41/02 Staatsbürgerschaft, Pass- und Melderecht, Fremdenrecht, Asylrecht

Norm

B-VG Art7 Abs1 / Gerichtsakt
B-VG Art18 Abs1
EMRK Art8
NAG §11, §45
VfGG §7 Abs2, §87 Abs2

Leitsatz

Verletzung im Recht auf Achtung des Privat und Familienlebens betreffend die Erteilung des Aufenthaltstitels "Daueraufenthalt – EU" durch neuerliche Unterlassung der Interessenabwägung nach Aufhebung durch den Verfassungsgerichtshof

Rechtssatz

Der VfGH hat in E v 24.11.2020, E1089/2020, ausgeführt, dass trotz Nichterfüllung der Voraussetzung der Selbsterhaltungsfähigkeit - auch im Fall einer Behinderung - der Aufenthaltstitel zu erteilen ist, wenn dies auf Grund Art8 EMRK geboten ist. Da das LVwG die gebotene Interessenabwägung unterlassen hat und dadurch den Beschwerdeführer im verfassungsgesetzlich gewährleisteten Recht auf Achtung des Privat- und Familienlebens gemäß Art8 EMRK verletzt hat. Das Verwaltungsgericht Wien (VGW) bezieht sich (im fortgesetzten Verfahren oder nun) offensichtlich auf den Umstand, dass im Gefolge eines Erkenntnisses des BVwG vom 28.04.2017 dem Beschwerdeführer bereits der Status des subsidiär Schutzberechtigen zukomme. Daraus vermeint das VGW offenbar ableiten zu können, dass eine Durchführung der nach §11 Abs3 NAG bei der Entscheidung über den, den Gegenstand des Verfahrens vor dem VGW bildenden Antrag des Beschwerdeführers auf Erteilung eines Aufenthaltstitels "Daueraufenthalt - EU" gebotenen Interessenabwägung nicht erforderlich sei, weil auch bei "Verweigerung des beantragten Aufenthaltstitels keine Notwendigkeit des Bf, Österreich zu verlassen, [bestehe und] auch seine Unterstützung und Pflege [...] durch seine hier lebenden Familienmitglieder gesichert" sei.

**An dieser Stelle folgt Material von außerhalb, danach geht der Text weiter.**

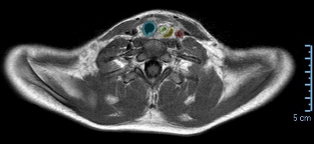 Postoperatives MRT. Trachea (blau), Ösophagus (grün) deutlich weniger wandverdickt, zwischen Ösophagus und ACC (rot) das Kollagenflies (gelb)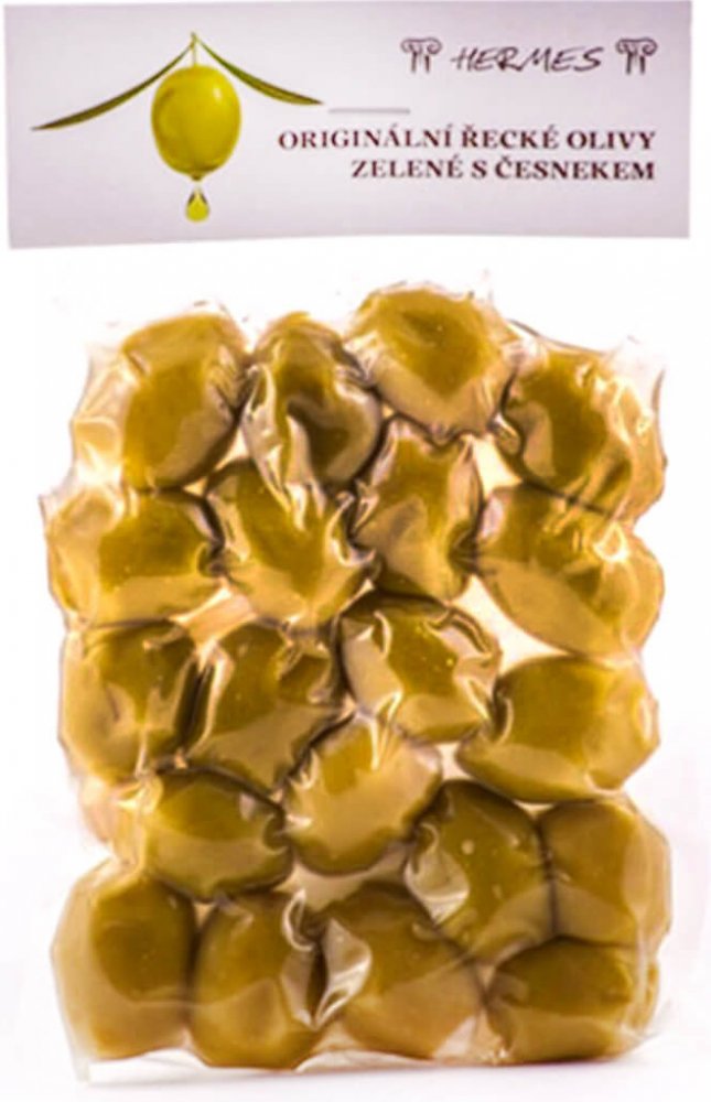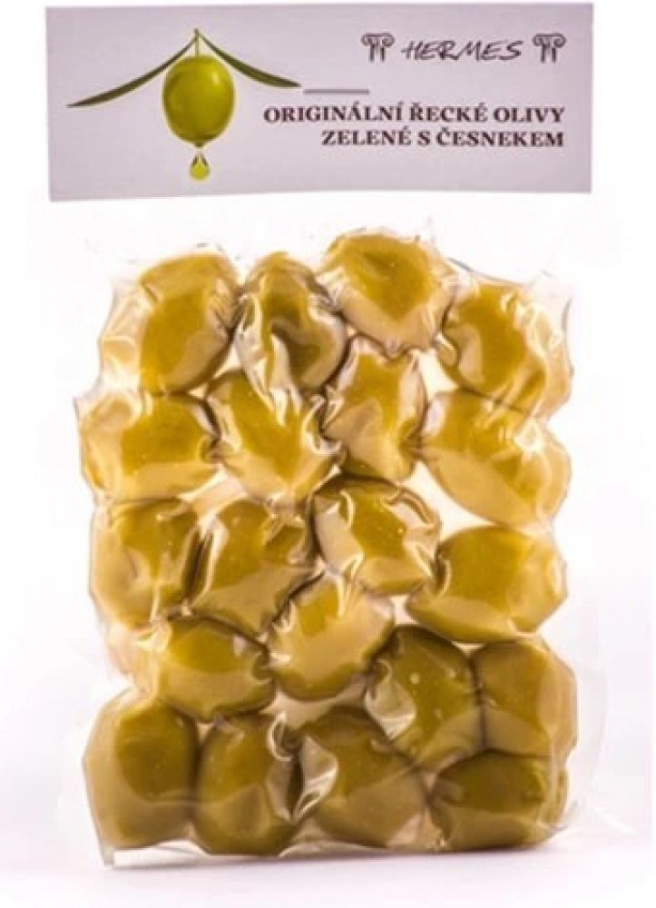 Charakteristika: vypeckované olivy plněné česnekem uskladněné ve vakuovém sáčku. Olivy jsou plněny ručně a jsou velmi delikátní.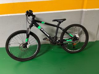 Bicicleta de montaña Rockrider en color verde brillante. - Cuadro de aluminio. - Suspensión delantera. - Frenos de disco. - Ruedas de 24 pulgadas. -Ruedas nuevas, muy poco uso.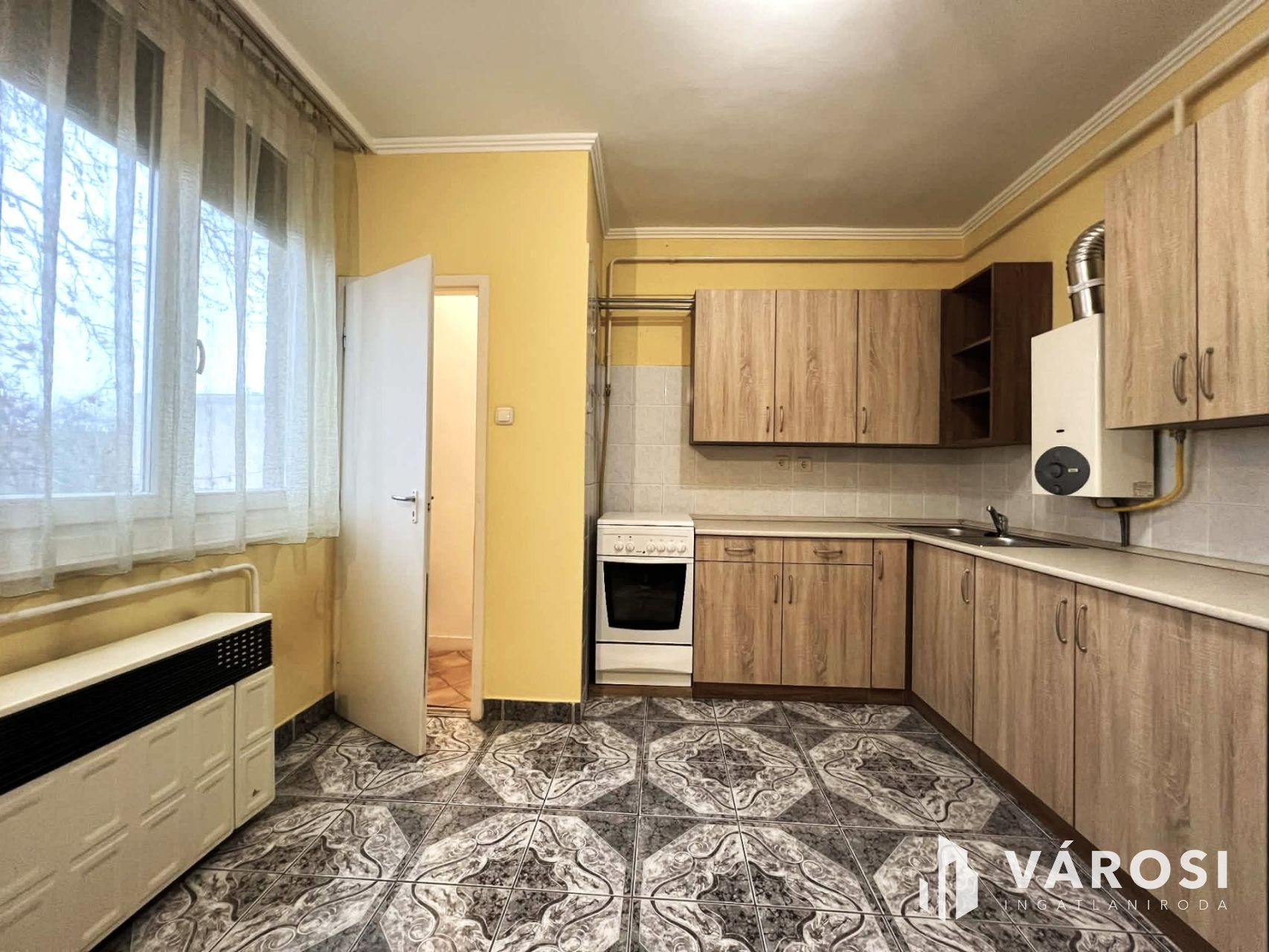 • Tágas konyha beépített bútorral + kamra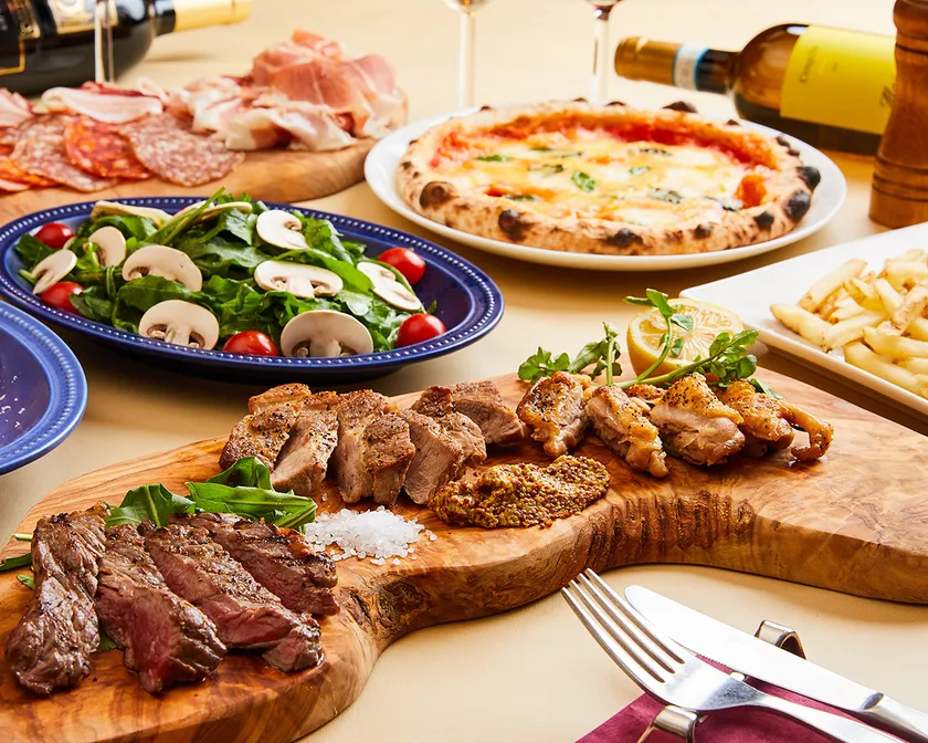 ワインに合うパスタ・ピッツァ・肉料理など、ボリュームたっぷりのイタリアンを各種取り揃え、専用のカッターで切る生ハムは、とろける食感でワインとの相性も抜群。また、イタリア産ワインを30種類以上扱っており、気軽にお楽しみいただける日替わりグラスワインもご用意しています。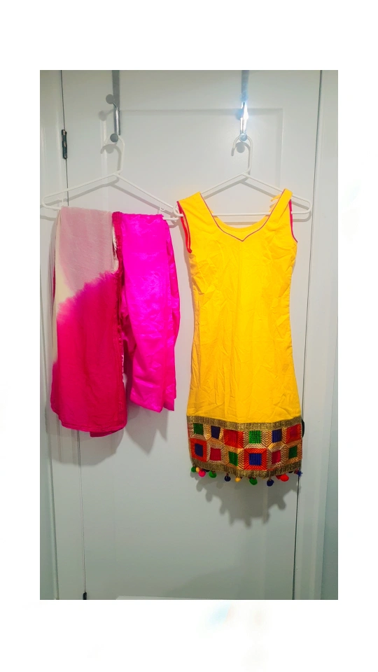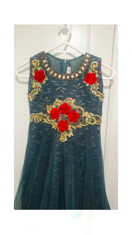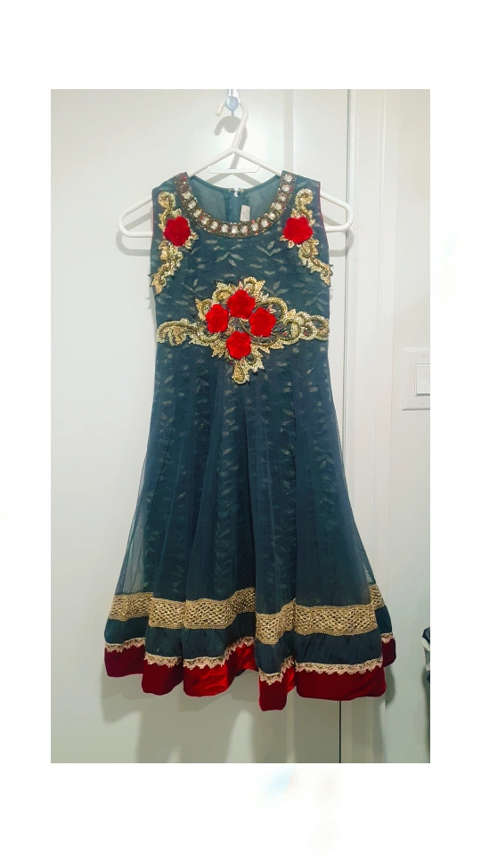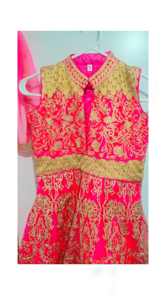 Beautiful girls' dress. Features pink and blue embroidery. Includes a matching dupatta. Perfect for special occasions.

Damit verkennt das VGW zunächst, dass es gemäß Art18 Abs1 B-VG verpflichtet ist, über den bei ihm anhängigen Antrag des Beschwerdeführers nach den für diesen Antrag maßgeblichen Rechtsgrundlagen zu entscheiden (VwGH 13.12.2018, Ro 2017/22/0002: "Das nationale Recht sieht nämlich nicht vor, im Fall der Bejahung eines Anspruchs nach Art8 EMRK einen anderen als den beantragten Aufenthaltstitel zu erteilen.")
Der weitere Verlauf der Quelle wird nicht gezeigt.